Toch zijn deze eerste twee delen zo mooi, dat ge hem gaarne krediet geeft voor het vervolg. Zij spelen in een milieu van diepgelovige Friese boeren, een voor 'n modern stedeling wel vreemd milieu: een leven zonder gaten, waarvan de zin door allen die er deel aan hebben volgens een vast, geëerbiedigd, steungevend dogma wordt bevroed. ‘Ze voelden den zin en de genade, en 't wonder van de Pinksteren’ leest ge op blz. 6. Ze spreken elkaar toe, ze plagen elkaar soms in bijbeltaal, zozeer dat, in het eerste deel, hun gesprekken soms ietwat bombasties klinken in ons zuiders oor. Hùn godsdienstigheid is meer beredeneerd, het katholicisme is minder bewust (omdat het ouder is?) Toch moeten we bij de lektuur dikwijls aan Streuvels denken. Er is wel één gemeenschappelike Nederlandse bodem.

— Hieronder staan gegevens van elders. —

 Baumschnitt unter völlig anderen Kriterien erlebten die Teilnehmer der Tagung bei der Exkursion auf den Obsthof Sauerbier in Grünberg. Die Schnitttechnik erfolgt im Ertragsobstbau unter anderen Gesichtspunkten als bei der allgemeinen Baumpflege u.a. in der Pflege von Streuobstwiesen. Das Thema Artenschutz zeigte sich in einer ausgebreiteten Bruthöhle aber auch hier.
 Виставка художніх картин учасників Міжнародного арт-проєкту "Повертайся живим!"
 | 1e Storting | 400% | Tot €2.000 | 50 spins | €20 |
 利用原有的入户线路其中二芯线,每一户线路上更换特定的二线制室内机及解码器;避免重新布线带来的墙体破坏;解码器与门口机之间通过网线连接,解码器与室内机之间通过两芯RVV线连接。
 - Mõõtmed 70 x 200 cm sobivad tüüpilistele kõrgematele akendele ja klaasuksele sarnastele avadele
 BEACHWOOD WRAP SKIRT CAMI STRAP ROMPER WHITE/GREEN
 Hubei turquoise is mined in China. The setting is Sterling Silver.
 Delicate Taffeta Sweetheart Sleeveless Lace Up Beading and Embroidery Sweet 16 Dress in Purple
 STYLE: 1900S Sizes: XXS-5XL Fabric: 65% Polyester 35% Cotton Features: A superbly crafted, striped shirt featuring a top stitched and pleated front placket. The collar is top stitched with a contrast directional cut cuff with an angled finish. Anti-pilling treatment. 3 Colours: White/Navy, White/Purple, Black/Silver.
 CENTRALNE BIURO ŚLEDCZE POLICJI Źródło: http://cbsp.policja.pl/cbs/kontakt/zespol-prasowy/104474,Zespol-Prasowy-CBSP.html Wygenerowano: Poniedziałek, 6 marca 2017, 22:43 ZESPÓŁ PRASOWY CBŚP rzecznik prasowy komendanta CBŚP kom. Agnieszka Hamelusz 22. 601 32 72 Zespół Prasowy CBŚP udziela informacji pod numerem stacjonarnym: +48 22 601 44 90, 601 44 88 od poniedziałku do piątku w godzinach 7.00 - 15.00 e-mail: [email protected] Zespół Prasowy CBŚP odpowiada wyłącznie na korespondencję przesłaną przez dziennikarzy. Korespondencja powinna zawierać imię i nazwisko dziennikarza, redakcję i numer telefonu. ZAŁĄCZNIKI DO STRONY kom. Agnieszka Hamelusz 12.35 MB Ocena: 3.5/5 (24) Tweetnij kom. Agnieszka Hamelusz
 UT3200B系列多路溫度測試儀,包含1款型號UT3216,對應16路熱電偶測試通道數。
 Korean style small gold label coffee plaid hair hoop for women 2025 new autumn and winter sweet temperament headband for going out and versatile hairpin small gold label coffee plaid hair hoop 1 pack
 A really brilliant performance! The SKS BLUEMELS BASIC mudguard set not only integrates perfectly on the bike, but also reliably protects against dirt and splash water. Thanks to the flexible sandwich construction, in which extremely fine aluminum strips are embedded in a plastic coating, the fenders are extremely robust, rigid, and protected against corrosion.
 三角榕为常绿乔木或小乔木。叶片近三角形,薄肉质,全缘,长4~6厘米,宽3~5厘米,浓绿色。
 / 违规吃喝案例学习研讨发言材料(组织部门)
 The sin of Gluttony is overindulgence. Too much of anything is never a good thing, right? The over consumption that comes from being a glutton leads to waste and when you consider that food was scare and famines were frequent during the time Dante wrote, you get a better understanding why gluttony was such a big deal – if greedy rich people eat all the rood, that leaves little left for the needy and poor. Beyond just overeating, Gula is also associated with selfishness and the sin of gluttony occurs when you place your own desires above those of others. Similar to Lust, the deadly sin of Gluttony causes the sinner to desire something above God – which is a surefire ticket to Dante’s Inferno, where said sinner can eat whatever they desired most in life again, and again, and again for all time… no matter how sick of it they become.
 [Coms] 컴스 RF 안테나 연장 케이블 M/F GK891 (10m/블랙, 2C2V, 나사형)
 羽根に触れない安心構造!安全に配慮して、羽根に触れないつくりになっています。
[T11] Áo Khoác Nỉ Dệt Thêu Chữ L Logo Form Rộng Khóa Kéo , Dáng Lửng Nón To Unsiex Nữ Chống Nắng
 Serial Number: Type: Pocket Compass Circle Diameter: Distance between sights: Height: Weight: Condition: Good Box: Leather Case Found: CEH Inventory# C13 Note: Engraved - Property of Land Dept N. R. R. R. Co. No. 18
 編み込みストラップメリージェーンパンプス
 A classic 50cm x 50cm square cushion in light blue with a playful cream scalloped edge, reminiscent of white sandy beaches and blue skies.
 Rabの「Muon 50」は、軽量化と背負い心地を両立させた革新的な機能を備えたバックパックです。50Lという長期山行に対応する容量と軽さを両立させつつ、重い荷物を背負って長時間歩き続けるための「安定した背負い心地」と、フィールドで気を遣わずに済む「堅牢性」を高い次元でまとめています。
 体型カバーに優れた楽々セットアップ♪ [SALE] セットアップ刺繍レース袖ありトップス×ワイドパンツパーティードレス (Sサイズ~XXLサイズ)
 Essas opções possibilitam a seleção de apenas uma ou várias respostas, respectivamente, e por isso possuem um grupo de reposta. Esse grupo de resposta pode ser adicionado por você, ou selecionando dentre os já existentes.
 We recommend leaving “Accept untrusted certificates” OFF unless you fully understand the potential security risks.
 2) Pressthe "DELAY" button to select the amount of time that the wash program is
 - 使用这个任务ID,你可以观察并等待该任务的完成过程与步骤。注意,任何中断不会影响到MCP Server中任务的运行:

Het milieu is uitstekend geschilderd. Ge vergeet nooit meer die statige boerinnen die op Zondag ‘hun zakdoek besnuffelen’ waar overdadig als snuif een dure odeur op is, noch de winterdagen waarop de jonge boer zijn boerin in de slede zet en ‘vloog met haar de vaarten op, de dorpen door, over den eindeloozen ijsvloer machtige, bewogen tochten door het heilig winterland’.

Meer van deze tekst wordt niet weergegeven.